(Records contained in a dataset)

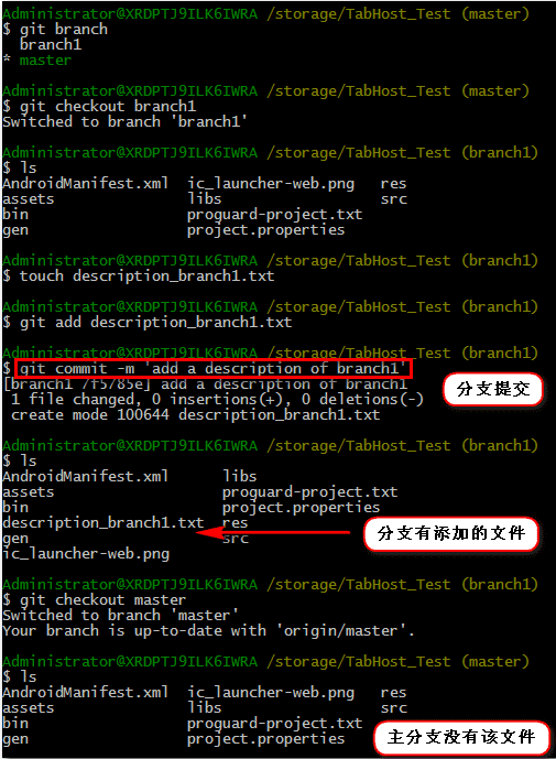 -- 主分支会影响其它分支 : 在切换回 branch1 分支中, 发现存在 description_master.txt文件;
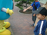 子供たちに意外と人気だった下水道科学館のキャラクター「クリンちゃん」です。樹理も頭をなでてもらったりしたんですが、やっぱりビビッてますね(笑)。
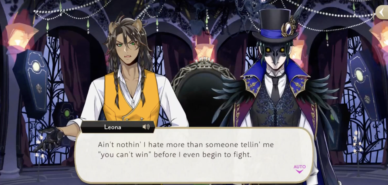 Cater asks for tips on how to get better at deciphering ancient incantations and Leona says he has always liked doing it, ever since he came across an inscription back in the palace where he grew up: “A really long string of words etched in an ancient tongue…First time I saw it, I had no idea what it meant, but I decided to try and figure it out just to pass the time.”
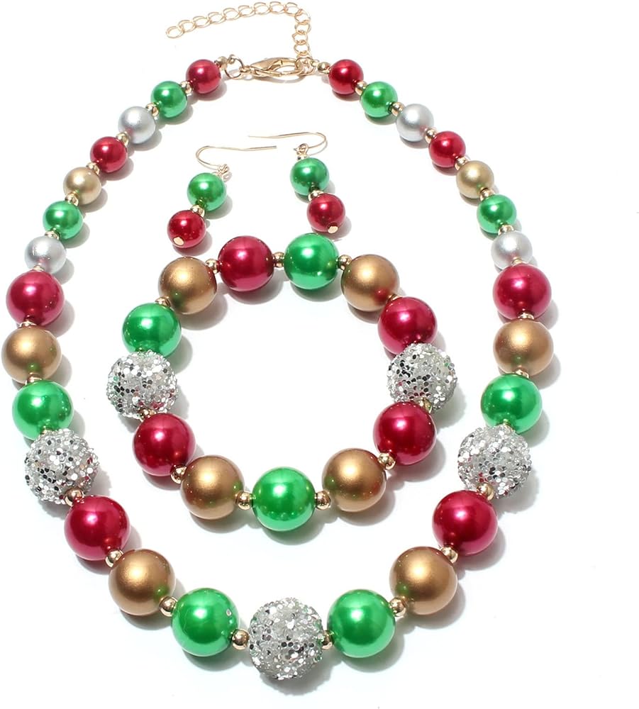 مجموعة قلادة مريلة مكتنزة لطيفة من MEQNOIG قلادة خرز عصرية لعيد الميلاد المجيد للنساء والفتيات
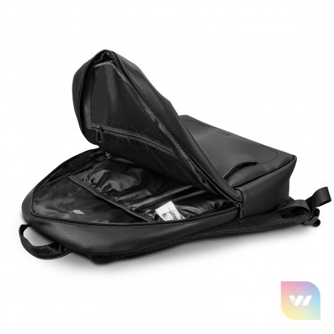 Make your daily commute easier with this premium Swiss Peak structured backpack manufactured from soft vegan leather (100% PU) with a 210D polyester interior. Main features include a 15.6-inch laptop pocket, a luggage strap, an internal zip pocket, and a top zip closure. The backpack also features adjustable shoulder straps and a top carry handle. The Swiss Peak logo is debossed on the front bottom of the bag.
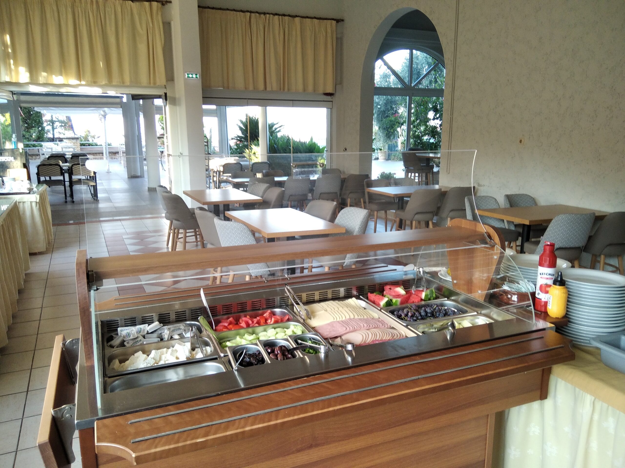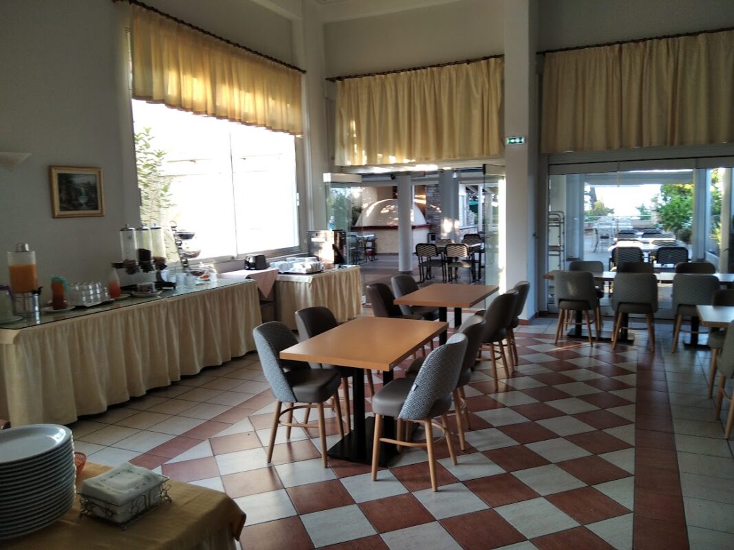 Micul dejun este servit zilnic sub formă de bufet continental, într-o zonă dedicată. Oferta culinară include produse variate, potrivite pentru toate preferințele. Barul de pe plajă oferă cafea, gustări ușoare și băuturi răcoritoare. Restaurantul hotelului propune preparate din bucătăria grecească și mediteraneană. Prânzul și cina pot fi savurate într-un cadru relaxant. Ingredientele utilizate sunt specifice gastronomiei locale. Experiența culinară completează sejurul turistic.
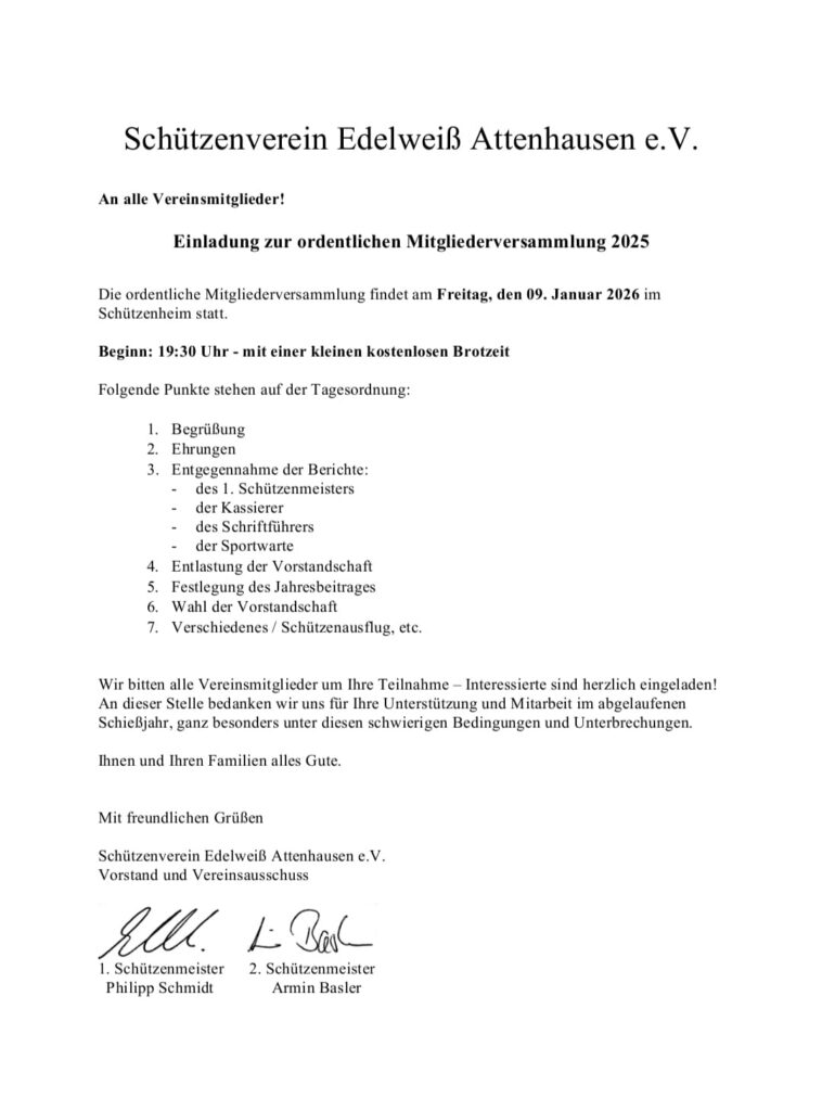 Einladung zur ordentlichen Mitgliederversammlung am 09.01.2026 Posted on 30. Dezember 2025 by Michael Schön

Task item: Print exactly the first line of the entries and every line after it through the one that contains "子供たちに意外と人気だった下", leaving the pictures out.

Reply to the task:
 -- 主分支会影响其它分支 : 在切换回 branch1 分支中, 发现存在 description_master.txt文件;
 子供たちに意外と人気だった下水道科学館のキャラクター「クリンちゃん」です。樹理も頭をなでてもらったりしたんですが、やっぱりビビッてますね(笑)。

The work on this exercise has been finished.